A C function returns the wrong value when used through Go's 6c, same exact C function returns the correct value when called through CGO.

//edit

I got a response on the issue, it's not gonna get fixed and the 9p toolchain is going away eventually.

From mi...@golang.org:

the C compiler will eventually go away. Plan for that, so don't rely on it.

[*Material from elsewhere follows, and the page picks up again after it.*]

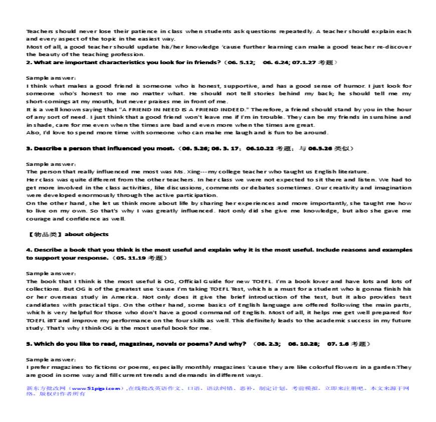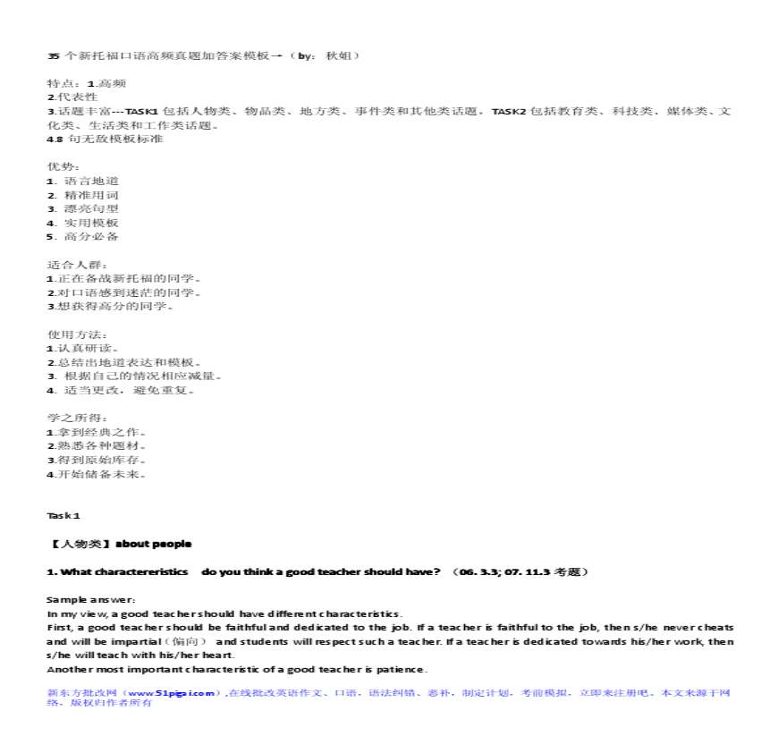 新托福口语高频真题加答案资料下载,喜欢的朋友可以下载收藏!

Note the Plan 9 C compiler isn't fully ANSI compliant, and we're not going to fix bugs in it (because we control both the compiler and its input, we will just workaround its bugs).


Solution

  • After some digging, changing the function signature from

    U32 ·XXH32_test(const void* input, U32 len, U32 seed)
    

    to

    void ·XXH32_test(const unsigned char* input, U32 len, U32 seed, U32 *ret)
    

    And calling it like :

    var u uint32
    XXH32_test(unsafe.Pointer(&b[0]), uint32(len(b)), 0, &u)
    

    Returns the correct hash.

    I'm still not sure what's going on, it should work how it originally was, but I'm guessing the runtime is doing some magic behind the scenes.